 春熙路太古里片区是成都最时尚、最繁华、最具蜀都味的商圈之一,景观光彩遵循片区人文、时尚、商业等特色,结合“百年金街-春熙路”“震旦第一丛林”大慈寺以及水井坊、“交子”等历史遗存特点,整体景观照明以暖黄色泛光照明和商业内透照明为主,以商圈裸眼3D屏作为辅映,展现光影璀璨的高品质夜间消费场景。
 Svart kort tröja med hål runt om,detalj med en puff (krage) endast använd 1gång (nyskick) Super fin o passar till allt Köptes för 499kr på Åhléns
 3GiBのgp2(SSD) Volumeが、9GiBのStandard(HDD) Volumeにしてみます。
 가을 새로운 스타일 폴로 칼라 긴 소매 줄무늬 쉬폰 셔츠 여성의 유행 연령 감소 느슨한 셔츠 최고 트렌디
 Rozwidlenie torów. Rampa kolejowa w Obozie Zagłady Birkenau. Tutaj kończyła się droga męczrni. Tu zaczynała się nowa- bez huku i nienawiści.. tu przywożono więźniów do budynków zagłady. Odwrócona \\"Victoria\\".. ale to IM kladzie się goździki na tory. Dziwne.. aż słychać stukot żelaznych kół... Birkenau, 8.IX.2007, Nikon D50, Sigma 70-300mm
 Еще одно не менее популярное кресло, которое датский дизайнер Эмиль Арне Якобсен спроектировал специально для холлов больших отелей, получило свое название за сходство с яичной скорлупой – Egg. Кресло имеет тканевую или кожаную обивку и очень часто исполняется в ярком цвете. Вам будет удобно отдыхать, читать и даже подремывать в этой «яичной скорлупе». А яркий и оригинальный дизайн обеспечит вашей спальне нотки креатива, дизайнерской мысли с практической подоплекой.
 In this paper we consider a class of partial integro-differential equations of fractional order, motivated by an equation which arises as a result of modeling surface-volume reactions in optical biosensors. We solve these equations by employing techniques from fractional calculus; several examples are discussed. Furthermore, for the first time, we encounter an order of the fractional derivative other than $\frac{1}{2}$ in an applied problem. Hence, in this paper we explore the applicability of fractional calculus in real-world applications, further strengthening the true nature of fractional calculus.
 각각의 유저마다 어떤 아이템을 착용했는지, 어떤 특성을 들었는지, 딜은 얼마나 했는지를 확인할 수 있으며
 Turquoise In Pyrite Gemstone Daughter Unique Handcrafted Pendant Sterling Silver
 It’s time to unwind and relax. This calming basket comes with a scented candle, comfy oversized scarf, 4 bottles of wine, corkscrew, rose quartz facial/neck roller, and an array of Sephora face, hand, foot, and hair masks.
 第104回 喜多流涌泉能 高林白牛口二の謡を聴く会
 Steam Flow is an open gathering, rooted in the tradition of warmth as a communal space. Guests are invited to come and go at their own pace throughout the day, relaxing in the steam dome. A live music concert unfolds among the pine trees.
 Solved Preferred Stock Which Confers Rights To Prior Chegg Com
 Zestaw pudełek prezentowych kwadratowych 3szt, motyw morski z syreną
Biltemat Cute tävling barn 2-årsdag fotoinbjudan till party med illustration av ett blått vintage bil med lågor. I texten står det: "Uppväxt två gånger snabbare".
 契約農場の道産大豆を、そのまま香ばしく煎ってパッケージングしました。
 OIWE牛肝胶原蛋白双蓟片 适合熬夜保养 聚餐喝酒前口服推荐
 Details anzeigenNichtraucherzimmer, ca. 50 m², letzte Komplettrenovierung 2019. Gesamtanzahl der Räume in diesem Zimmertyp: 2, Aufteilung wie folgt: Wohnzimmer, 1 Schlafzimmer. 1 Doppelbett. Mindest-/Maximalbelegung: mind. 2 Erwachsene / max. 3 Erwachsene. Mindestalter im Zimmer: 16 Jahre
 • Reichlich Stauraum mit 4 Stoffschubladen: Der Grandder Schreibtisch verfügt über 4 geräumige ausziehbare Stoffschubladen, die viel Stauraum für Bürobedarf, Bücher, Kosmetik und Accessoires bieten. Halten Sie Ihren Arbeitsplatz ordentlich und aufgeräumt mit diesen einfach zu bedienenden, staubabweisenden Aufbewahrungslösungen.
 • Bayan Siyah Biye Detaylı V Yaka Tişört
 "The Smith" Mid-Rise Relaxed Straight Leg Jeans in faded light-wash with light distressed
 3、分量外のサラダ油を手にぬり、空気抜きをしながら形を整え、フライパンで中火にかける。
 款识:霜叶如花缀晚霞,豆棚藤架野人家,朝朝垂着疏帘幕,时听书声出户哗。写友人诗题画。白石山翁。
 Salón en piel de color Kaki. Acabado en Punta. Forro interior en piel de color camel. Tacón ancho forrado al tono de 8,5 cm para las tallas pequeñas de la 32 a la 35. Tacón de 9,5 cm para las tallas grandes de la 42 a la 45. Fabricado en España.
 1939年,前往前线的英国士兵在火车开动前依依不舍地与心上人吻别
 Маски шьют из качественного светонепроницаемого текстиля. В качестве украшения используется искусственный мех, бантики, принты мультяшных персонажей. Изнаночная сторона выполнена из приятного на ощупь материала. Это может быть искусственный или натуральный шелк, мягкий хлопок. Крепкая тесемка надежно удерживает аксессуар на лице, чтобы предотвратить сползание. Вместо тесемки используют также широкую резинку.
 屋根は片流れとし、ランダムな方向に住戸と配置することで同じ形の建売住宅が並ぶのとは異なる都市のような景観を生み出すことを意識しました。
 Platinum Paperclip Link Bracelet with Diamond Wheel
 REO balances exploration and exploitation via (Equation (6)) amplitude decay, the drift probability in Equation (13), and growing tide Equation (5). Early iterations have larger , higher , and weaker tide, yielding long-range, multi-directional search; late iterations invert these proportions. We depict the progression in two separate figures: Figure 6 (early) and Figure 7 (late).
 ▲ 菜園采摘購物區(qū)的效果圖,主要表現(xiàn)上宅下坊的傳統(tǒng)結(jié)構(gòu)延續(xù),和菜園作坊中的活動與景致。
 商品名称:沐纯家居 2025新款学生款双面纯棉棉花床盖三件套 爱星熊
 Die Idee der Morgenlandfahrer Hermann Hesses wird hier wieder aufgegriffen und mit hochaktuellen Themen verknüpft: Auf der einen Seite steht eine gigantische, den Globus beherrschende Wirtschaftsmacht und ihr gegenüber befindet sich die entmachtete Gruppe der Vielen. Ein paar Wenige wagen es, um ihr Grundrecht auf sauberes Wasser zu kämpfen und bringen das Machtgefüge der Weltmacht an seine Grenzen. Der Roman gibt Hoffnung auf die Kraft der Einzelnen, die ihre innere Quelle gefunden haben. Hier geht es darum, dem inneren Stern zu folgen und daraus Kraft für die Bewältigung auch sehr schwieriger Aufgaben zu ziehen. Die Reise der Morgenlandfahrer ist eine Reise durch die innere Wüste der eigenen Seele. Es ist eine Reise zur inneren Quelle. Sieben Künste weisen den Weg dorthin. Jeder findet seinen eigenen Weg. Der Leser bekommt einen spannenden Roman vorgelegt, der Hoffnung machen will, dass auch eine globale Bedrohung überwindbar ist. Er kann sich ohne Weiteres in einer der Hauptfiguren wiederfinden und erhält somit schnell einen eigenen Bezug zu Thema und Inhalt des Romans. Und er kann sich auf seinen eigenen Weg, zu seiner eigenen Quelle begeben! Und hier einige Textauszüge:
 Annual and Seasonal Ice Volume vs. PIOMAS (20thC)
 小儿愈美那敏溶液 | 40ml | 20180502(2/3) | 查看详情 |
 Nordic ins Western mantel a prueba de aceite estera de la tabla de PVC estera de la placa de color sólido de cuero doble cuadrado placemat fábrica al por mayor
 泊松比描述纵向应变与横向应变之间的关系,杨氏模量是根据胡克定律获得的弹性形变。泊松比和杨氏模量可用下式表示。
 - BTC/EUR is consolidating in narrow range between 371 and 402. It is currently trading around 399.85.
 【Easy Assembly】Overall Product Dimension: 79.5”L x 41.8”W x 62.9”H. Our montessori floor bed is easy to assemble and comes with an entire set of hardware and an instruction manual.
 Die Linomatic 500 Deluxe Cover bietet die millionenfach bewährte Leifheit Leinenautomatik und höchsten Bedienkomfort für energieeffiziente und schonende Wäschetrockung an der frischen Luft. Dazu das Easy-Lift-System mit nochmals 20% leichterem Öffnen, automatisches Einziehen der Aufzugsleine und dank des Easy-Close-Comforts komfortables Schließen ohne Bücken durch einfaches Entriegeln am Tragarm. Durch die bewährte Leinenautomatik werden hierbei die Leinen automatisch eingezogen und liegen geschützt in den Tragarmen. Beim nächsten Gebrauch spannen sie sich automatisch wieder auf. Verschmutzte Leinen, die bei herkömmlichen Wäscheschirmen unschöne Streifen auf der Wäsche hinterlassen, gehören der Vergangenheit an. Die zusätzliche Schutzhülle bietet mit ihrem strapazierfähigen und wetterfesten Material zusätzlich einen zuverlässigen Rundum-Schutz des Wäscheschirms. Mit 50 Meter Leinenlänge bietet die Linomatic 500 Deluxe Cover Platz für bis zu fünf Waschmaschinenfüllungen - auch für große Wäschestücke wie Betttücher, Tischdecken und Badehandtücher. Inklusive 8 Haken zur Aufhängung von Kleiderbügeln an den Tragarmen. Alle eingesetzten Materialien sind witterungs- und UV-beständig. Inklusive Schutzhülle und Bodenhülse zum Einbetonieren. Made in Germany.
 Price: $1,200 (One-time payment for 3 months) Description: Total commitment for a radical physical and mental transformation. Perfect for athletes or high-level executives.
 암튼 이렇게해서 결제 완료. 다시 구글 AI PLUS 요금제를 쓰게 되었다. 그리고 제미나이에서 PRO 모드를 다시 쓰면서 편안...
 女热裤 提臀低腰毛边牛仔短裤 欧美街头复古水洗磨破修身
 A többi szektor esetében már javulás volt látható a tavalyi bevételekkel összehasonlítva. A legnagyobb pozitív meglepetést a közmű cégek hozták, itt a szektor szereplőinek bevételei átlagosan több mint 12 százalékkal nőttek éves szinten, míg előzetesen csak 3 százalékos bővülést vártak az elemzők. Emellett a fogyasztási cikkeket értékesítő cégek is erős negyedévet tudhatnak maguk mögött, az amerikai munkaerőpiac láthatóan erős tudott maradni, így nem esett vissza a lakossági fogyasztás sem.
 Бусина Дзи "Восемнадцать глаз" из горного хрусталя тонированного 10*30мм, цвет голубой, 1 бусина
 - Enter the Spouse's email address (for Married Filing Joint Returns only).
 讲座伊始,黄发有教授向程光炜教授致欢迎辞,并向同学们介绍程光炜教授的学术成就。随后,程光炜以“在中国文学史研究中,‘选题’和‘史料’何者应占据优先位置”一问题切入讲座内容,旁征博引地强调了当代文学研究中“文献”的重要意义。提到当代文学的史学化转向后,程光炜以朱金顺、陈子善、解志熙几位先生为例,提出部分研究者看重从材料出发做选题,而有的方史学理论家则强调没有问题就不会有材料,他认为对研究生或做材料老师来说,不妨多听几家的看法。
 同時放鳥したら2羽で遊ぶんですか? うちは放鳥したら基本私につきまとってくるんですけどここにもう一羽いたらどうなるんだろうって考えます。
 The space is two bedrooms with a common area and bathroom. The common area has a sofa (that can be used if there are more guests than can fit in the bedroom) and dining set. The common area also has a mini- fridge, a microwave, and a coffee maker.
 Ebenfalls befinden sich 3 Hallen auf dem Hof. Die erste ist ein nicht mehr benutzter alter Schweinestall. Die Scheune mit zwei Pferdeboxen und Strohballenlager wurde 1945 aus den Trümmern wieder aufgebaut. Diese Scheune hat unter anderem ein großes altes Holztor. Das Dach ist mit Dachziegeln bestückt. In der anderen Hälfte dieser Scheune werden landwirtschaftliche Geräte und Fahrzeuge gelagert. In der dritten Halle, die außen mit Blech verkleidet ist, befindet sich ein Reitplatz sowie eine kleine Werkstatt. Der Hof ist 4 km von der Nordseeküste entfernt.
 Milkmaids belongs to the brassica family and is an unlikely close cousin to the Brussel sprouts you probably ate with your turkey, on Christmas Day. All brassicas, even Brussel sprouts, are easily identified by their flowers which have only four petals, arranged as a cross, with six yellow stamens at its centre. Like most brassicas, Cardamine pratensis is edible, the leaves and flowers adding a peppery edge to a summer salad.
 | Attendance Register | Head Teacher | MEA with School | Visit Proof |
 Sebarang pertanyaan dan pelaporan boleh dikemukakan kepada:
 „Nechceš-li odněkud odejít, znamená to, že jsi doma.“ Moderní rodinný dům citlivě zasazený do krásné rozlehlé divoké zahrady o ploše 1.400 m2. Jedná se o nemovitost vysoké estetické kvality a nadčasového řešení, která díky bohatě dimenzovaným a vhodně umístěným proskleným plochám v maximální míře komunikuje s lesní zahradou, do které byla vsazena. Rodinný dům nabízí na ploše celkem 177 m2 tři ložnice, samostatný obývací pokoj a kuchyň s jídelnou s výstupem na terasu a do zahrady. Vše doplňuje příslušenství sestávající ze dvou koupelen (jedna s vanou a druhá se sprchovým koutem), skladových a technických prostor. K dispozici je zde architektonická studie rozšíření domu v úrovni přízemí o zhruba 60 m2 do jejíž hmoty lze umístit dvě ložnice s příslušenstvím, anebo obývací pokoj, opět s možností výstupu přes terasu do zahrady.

★ ★ ★ ★

■ Problem description
Could you retype exactly the lines above, starting at the line that contains "泊松比描述纵向应变与横向应变" and ending at the line that contains "- BTC/EUR is", and nothing more?

■ Task output
 泊松比描述纵向应变与横向应变之间的关系,杨氏模量是根据胡克定律获得的弹性形变。泊松比和杨氏模量可用下式表示。
 - BTC/EUR is consolidating in narrow range between 371 and 402. It is currently trading around 399.85.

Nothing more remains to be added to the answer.